# YOUR TASK
Beginning at the line containing "Karta projektu je", repeat each line below exactly up to and including the line containing "ووقع مركز بحوث". Do not repeat the pictures.

# DATA RECORDS

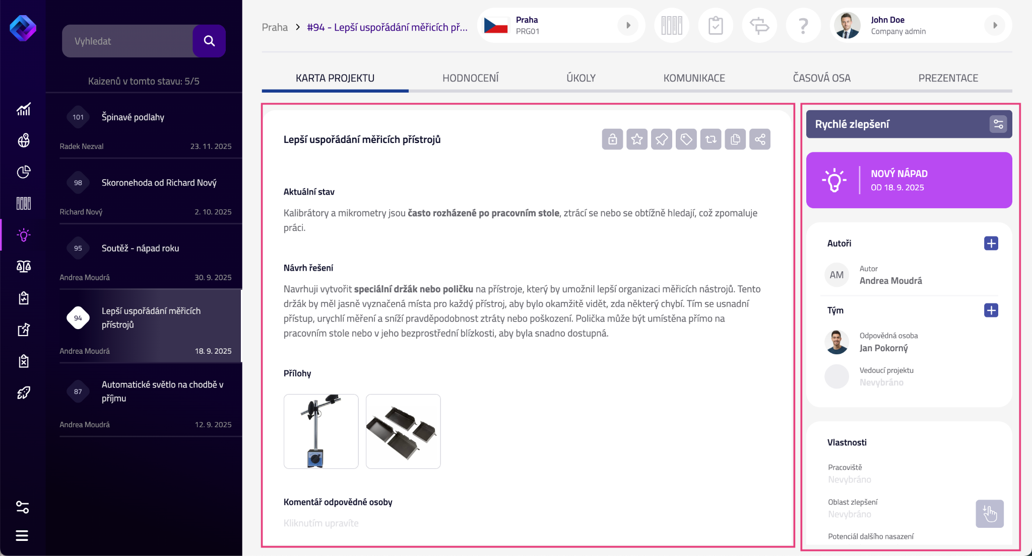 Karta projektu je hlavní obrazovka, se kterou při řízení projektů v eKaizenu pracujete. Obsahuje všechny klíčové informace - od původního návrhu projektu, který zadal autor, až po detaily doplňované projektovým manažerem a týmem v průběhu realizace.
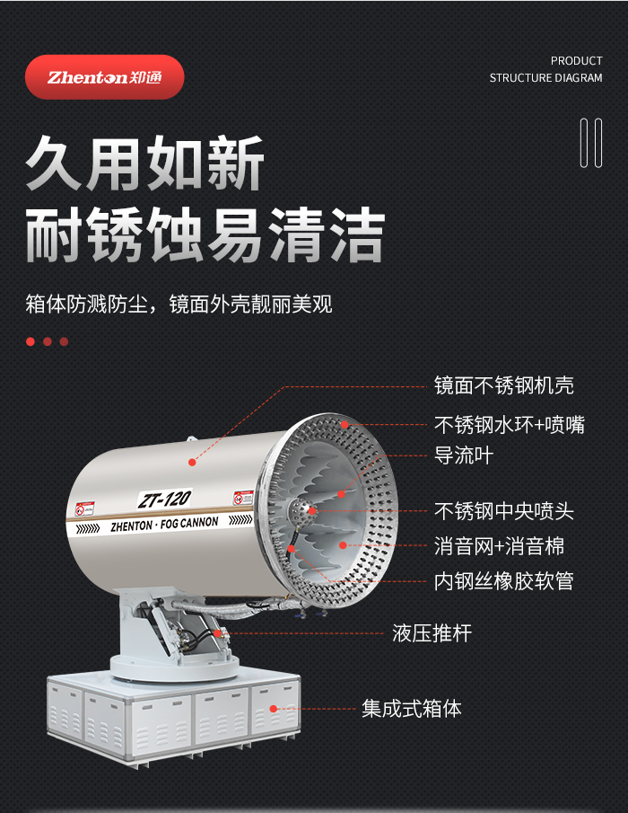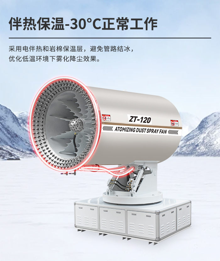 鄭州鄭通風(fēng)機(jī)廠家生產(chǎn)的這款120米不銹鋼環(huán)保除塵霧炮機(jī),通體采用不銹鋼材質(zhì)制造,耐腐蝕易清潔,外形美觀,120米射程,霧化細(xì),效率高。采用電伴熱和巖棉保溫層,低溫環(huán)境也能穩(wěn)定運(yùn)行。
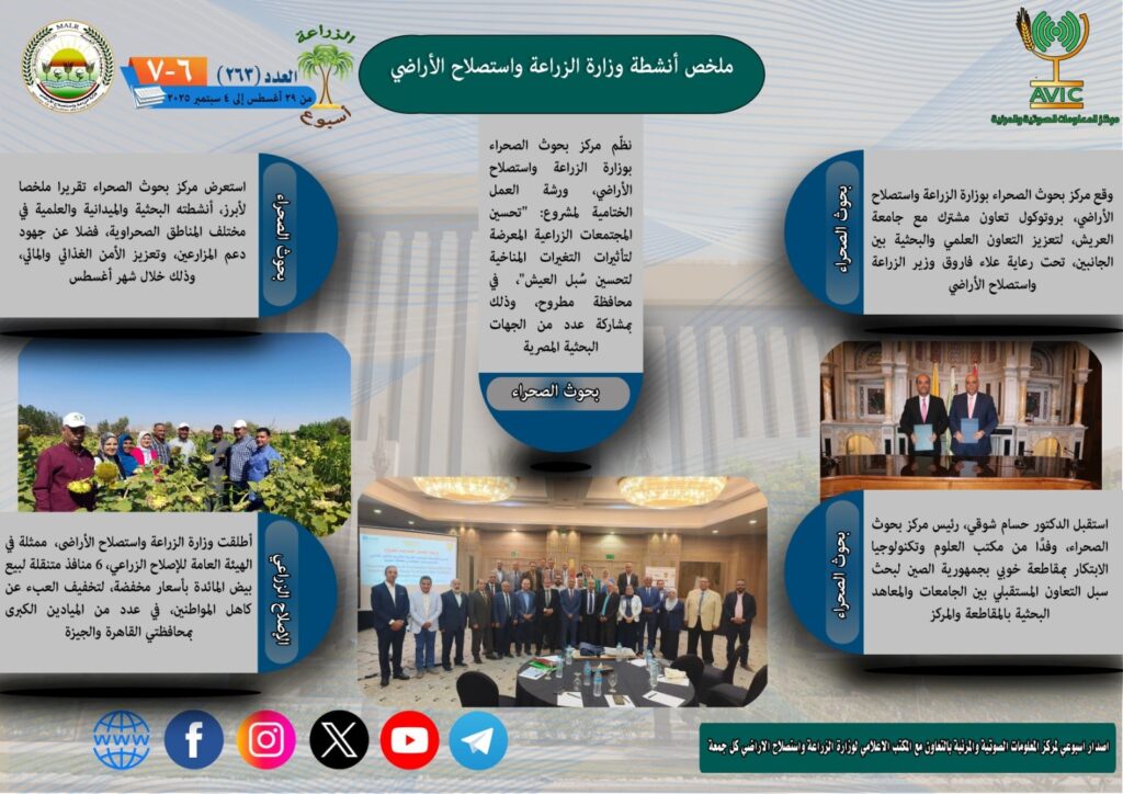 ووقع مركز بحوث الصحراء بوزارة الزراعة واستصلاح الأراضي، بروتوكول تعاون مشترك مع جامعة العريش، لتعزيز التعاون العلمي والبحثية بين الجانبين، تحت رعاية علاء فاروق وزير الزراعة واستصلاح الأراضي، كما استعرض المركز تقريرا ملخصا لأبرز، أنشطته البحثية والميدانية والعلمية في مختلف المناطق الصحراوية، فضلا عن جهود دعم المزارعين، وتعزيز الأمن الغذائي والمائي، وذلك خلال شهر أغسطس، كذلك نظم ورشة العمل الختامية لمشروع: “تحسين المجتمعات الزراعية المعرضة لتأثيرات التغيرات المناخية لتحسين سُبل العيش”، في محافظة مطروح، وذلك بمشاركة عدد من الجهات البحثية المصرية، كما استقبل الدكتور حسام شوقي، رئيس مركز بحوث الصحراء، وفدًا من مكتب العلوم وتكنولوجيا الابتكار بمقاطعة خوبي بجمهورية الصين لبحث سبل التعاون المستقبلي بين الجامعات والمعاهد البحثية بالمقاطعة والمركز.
--
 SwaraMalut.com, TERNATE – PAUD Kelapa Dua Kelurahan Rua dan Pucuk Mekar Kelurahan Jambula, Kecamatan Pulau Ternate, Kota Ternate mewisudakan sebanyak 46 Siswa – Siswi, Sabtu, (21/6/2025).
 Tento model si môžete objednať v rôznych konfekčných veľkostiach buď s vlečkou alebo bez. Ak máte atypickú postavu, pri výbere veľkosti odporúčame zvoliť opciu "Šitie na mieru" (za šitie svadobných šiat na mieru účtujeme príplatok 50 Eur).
---
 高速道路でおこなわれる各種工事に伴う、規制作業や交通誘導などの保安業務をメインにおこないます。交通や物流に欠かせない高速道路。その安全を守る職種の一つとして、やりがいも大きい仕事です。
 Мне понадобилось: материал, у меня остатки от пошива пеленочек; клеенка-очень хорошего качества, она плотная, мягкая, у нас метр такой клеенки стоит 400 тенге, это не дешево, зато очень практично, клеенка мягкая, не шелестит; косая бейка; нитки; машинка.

# TASK OUTPUT
 Karta projektu je hlavní obrazovka, se kterou při řízení projektů v eKaizenu pracujete. Obsahuje všechny klíčové informace - od původního návrhu projektu, který zadal autor, až po detaily doplňované projektovým manažerem a týmem v průběhu realizace.
 鄭州鄭通風(fēng)機(jī)廠家生產(chǎn)的這款120米不銹鋼環(huán)保除塵霧炮機(jī),通體采用不銹鋼材質(zhì)制造,耐腐蝕易清潔,外形美觀,120米射程,霧化細(xì),效率高。采用電伴熱和巖棉保溫層,低溫環(huán)境也能穩(wěn)定運(yùn)行。
 ووقع مركز بحوث الصحراء بوزارة الزراعة واستصلاح الأراضي، بروتوكول تعاون مشترك مع جامعة العريش، لتعزيز التعاون العلمي والبحثية بين الجانبين، تحت رعاية علاء فاروق وزير الزراعة واستصلاح الأراضي، كما استعرض المركز تقريرا ملخصا لأبرز، أنشطته البحثية والميدانية والعلمية في مختلف المناطق الصحراوية، فضلا عن جهود دعم المزارعين، وتعزيز الأمن الغذائي والمائي، وذلك خلال شهر أغسطس، كذلك نظم ورشة العمل الختامية لمشروع: “تحسين المجتمعات الزراعية المعرضة لتأثيرات التغيرات المناخية لتحسين سُبل العيش”، في محافظة مطروح، وذلك بمشاركة عدد من الجهات البحثية المصرية، كما استقبل الدكتور حسام شوقي، رئيس مركز بحوث الصحراء، وفدًا من مكتب العلوم وتكنولوجيا الابتكار بمقاطعة خوبي بجمهورية الصين لبحث سبل التعاون المستقبلي بين الجامعات والمعاهد البحثية بالمقاطعة والمركز.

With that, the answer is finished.